*** Data for processing Section Begins ***

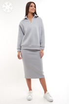 Костюм женский юбочный, состоит из джемпера и юбки. Выполнен из трикотажного полотна. Джемпер разрезной, со вставками из отделочной ткани. Горловина круглой формы. Рукава “летучая мышь”, внизу на манжетах. По низу джемпера кулиса со шнуром-резинкой и фиксаторами. Юбка заужена к низу. Пояс частично на резинке. По боковым швам декоративные вставки-лампасы. В юбке обработаны карманы. На задней части средний шов с разрезом внизу. Юбка на подкладке.
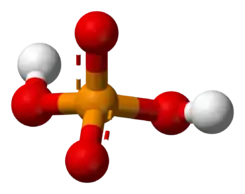 ![]() Modelo bola y palo de los aniones dihidrogenofosfatos | ||
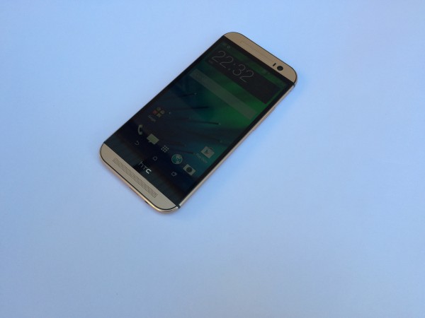 Külsőleg igen kevés változás vehető észre a sima M8-hoz képest, az előlapon alul és felül a sztereó hangszórópáros helyezkedik el, illetve alább még egy HTC felirat is helyet kapott. Középen az 5 hüvelykes, 1080 x 1920 pixeles felbontású, Super LCD3 kijelző terül el. A kép a gyártó többi modelljéhez hasonlóan igen szép és a betekintési szögekkel is elégedett voltam. Feljebb a fény- és közelségmérő szenzort, állapotjelző LED-et és az előlapi kamerát találhatjuk meg.
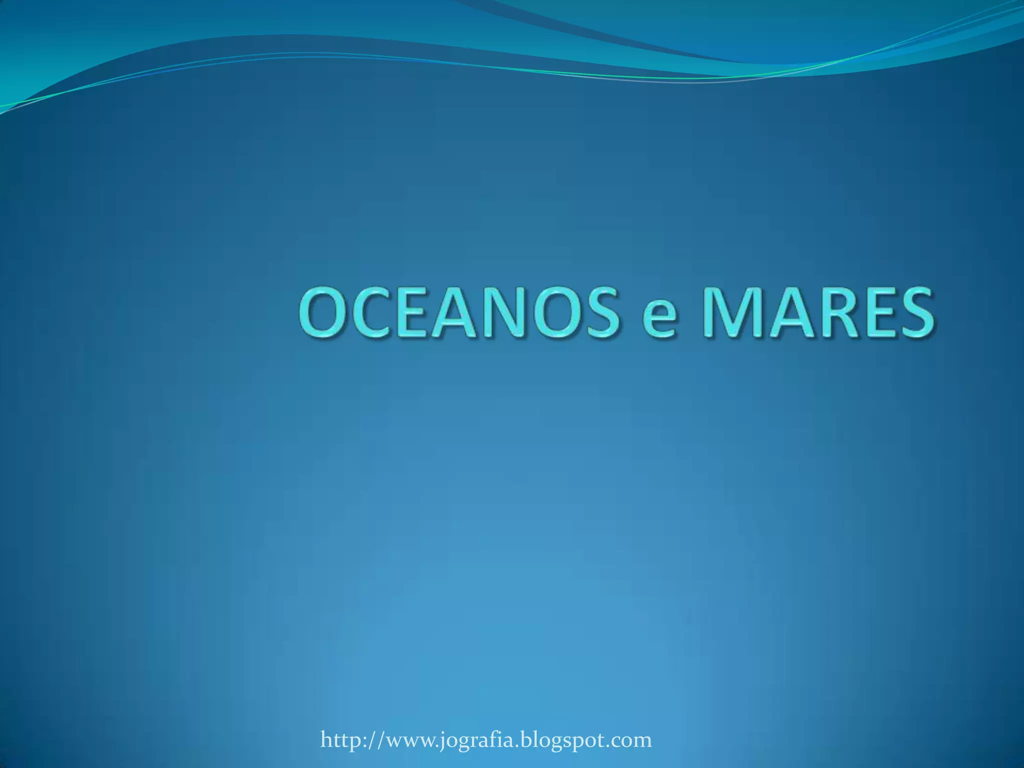 O documento descreve os oceanos e mares da Terra. Os oceanos ocupam a maior parte da superfície terrestre e podem ser divididos em cinco grandes massas de água. O relevo oceânico inclui a plataforma continental, o talude continental, a região pelágica e a região abissal. Os mares podem ser abertos, interiores ou fechados.
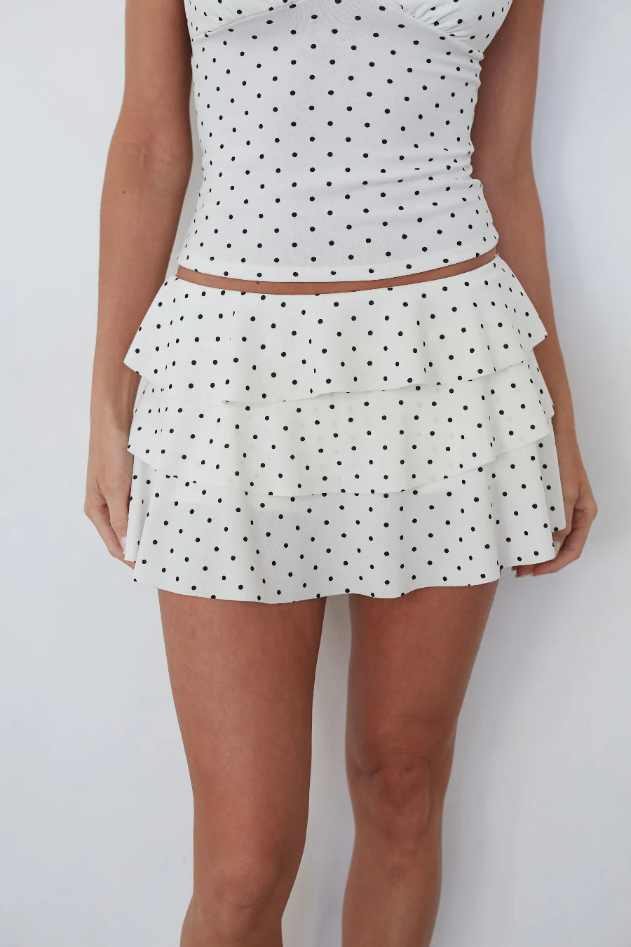 Stay classic in the Gracie Polka Dot Ruffle Mini Skort This mini features a tiered ruffle skirt, flare silhouette, and built-in shorts. in Black with White Polka Dot Print, pair with the matching Gracie Polka Dot Halter Top to complete the look!
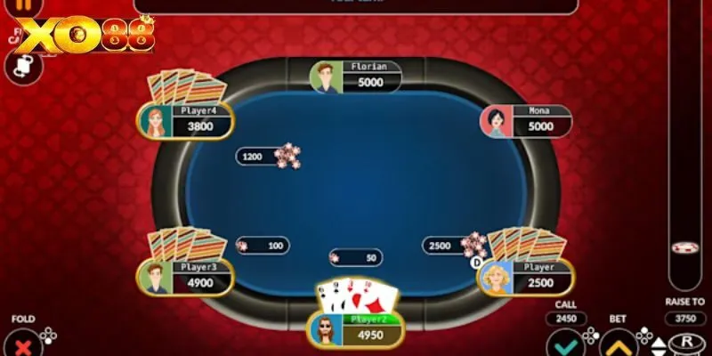 Trên bàn cược, các tay chơi được chia 4 lá bài riêng và cần giữ bí mật. Người ngồi bên trái sẽ tiến hành đặt cược đầu tiên và có quyền lựa chọn những hành động như bet, raise, fold.
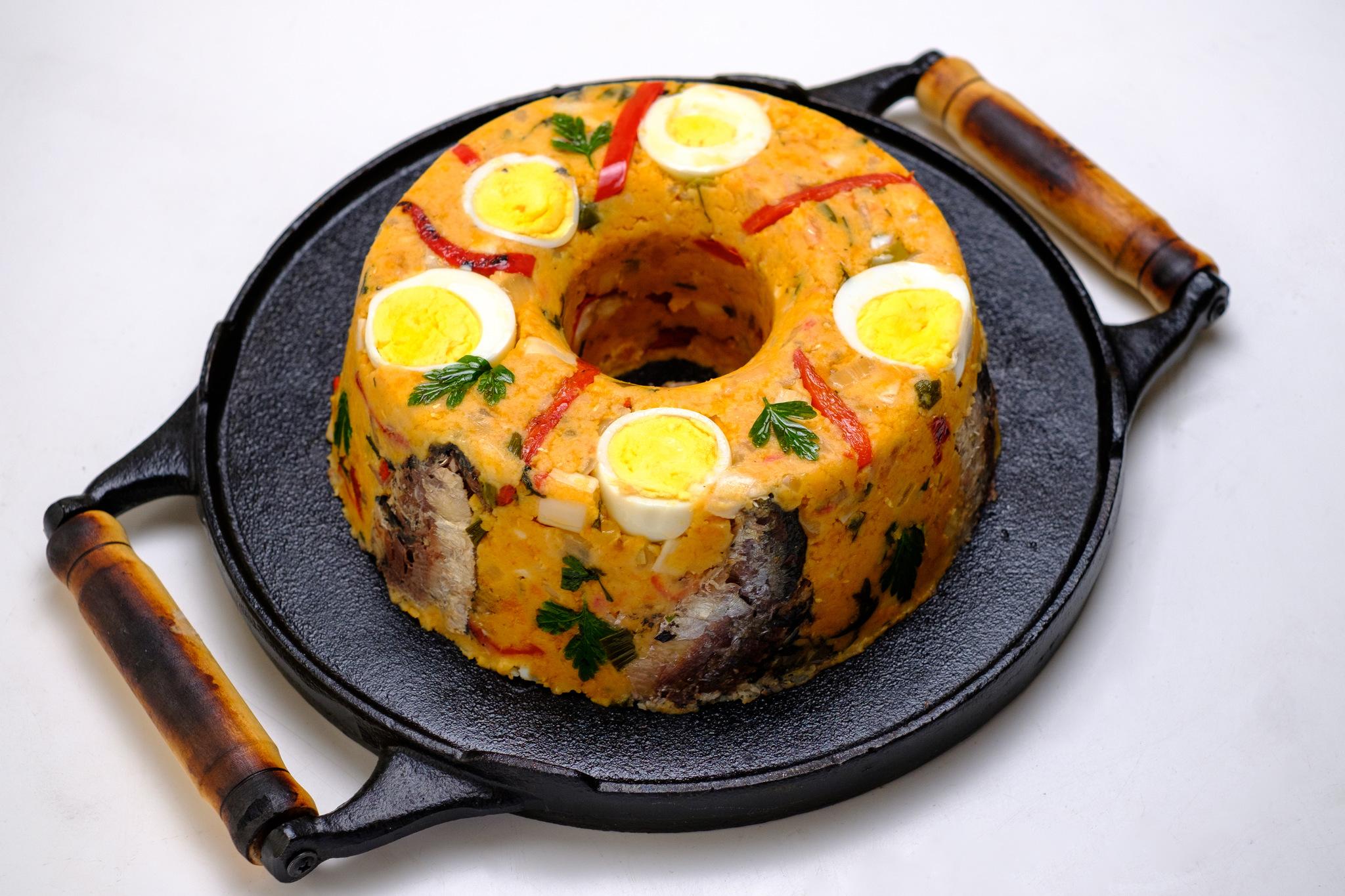 O preparo exige mais etapas, pois leva flocão de milho mais grosso preparado com tomate, cebola, ovos cozidos, camarão, sardinha e palmito. Tudo acomodado numa fôrma de furo no meio, que dá estrutura e caracteriza o prato quando desenformado.
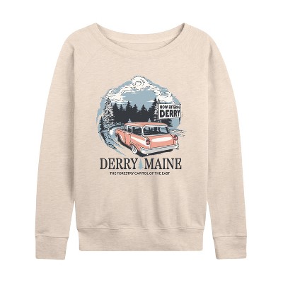 Women's - IT: Welcome to Derry - Welcome To Derry Destination Lightweight French Terry Wide Neck Long Sleeve Graphic Shirt
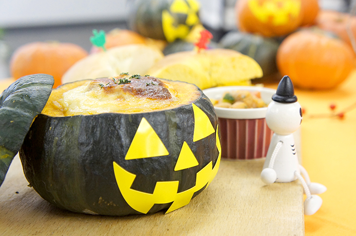 かぼちゃプリン・グラタン・・皮ごと食べられるメニュー、最高ですね!

*** Data for processing Section Ends ***

> **Exercise instructions**
In the answer, retype exactly and only the lines from the one holding "Women's - IT: Welcome" through the end of the listing, keeping both ends and dropping every picture.

> **Answer for this exercise**
 Women's - IT: Welcome to Derry - Welcome To Derry Destination Lightweight French Terry Wide Neck Long Sleeve Graphic Shirt
 かぼちゃプリン・グラタン・・皮ごと食べられるメニュー、最高ですね!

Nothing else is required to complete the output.